> [Task description] The lines to copy run from the one containing "Pink Sleeveless Crop" to the very end of the records; give them exactly, and only them, without pictures.

[Dataset items]
——————

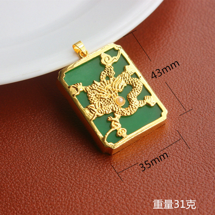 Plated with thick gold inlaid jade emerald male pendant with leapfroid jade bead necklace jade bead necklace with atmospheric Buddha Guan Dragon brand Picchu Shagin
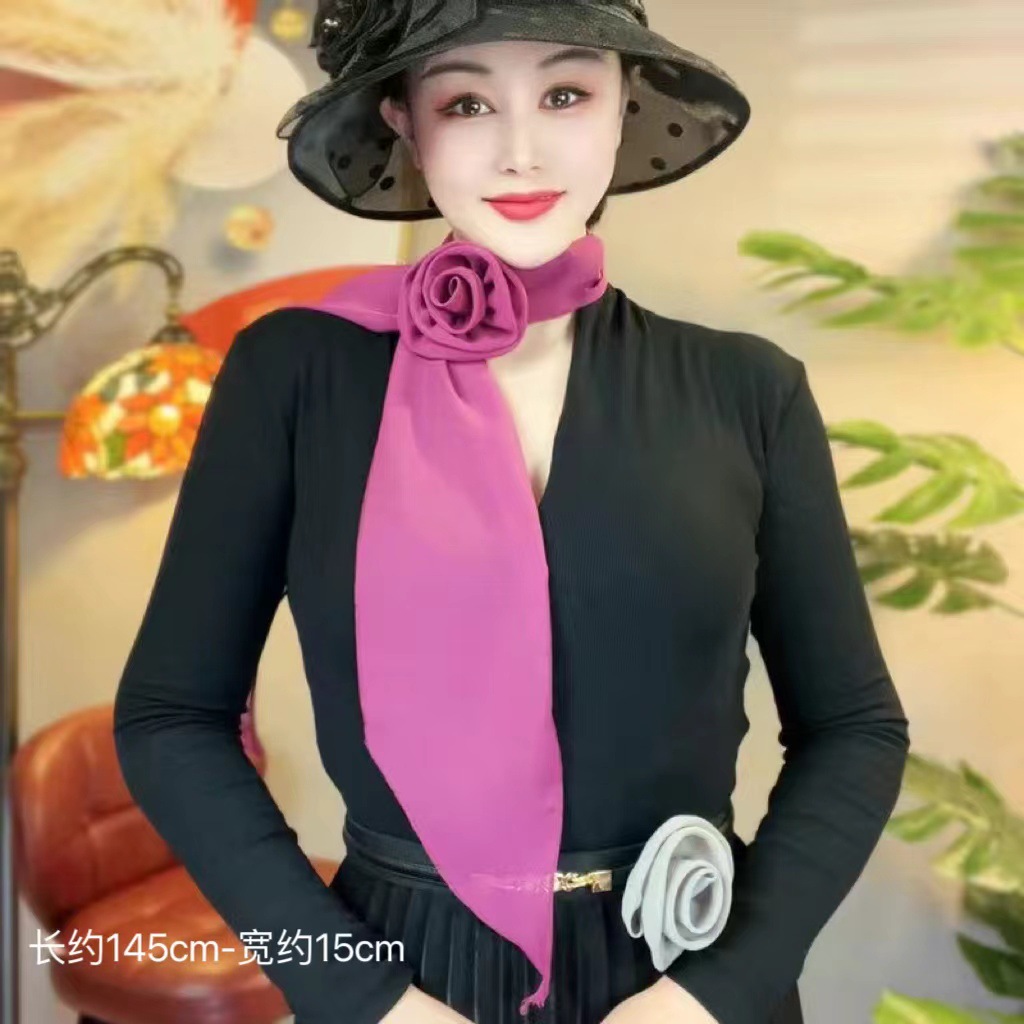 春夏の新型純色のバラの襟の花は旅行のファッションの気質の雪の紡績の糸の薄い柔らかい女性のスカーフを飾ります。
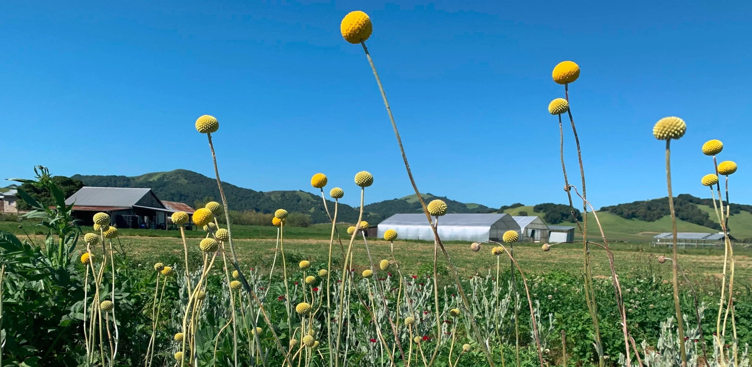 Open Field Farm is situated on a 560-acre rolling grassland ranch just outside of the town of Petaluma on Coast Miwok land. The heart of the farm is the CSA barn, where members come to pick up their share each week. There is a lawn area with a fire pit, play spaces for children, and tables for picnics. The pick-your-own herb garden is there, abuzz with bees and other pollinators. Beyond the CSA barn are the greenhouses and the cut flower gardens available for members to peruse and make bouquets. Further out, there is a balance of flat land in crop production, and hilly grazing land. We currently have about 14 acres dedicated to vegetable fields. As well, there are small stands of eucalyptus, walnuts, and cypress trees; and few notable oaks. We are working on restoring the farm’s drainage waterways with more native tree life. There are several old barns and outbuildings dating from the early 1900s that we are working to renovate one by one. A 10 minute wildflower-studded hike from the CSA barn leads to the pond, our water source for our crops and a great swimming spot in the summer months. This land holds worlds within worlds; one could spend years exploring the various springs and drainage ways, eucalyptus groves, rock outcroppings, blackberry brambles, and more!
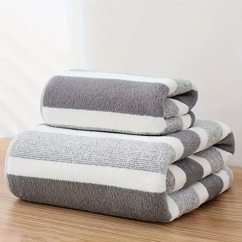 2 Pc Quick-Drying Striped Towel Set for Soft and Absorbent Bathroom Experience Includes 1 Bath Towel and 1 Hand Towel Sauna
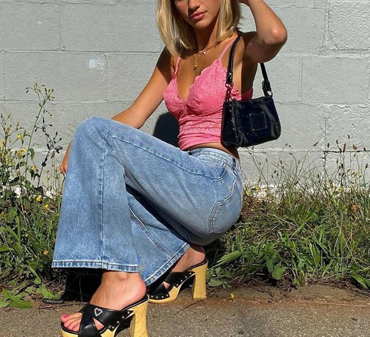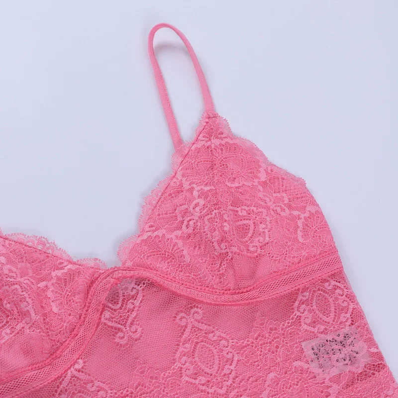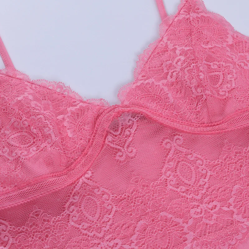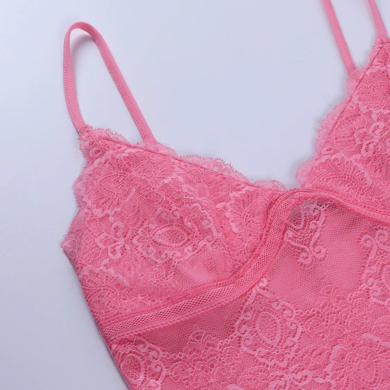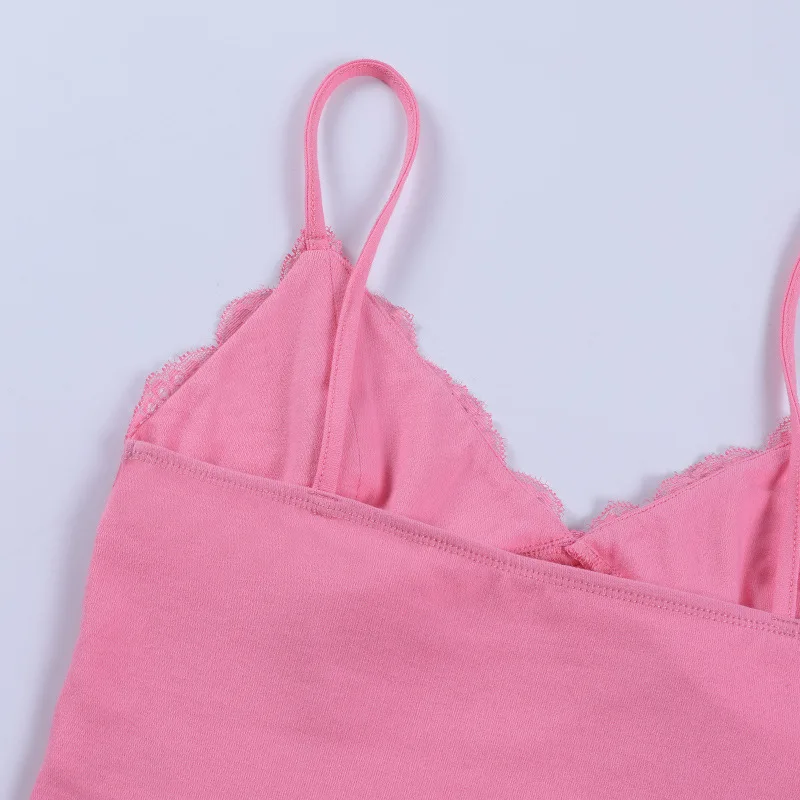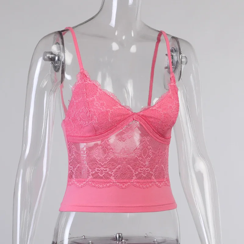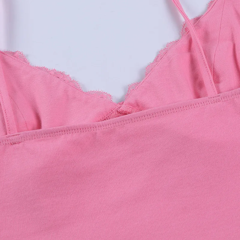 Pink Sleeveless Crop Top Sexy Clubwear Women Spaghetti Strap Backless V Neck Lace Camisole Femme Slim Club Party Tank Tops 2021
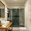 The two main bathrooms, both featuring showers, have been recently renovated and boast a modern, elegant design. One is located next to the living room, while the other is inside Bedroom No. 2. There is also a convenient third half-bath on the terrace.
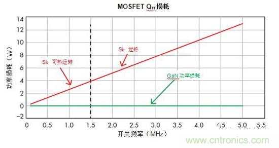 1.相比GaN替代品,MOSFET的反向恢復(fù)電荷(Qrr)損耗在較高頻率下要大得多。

——————

> [Problem solution]
 Pink Sleeveless Crop Top Sexy Clubwear Women Spaghetti Strap Backless V Neck Lace Camisole Femme Slim Club Party Tank Tops 2021
 The two main bathrooms, both featuring showers, have been recently renovated and boast a modern, elegant design. One is located next to the living room, while the other is inside Bedroom No. 2. There is also a convenient third half-bath on the terrace.
 1.相比GaN替代品,MOSFET的反向恢復(fù)電荷(Qrr)損耗在較高頻率下要大得多。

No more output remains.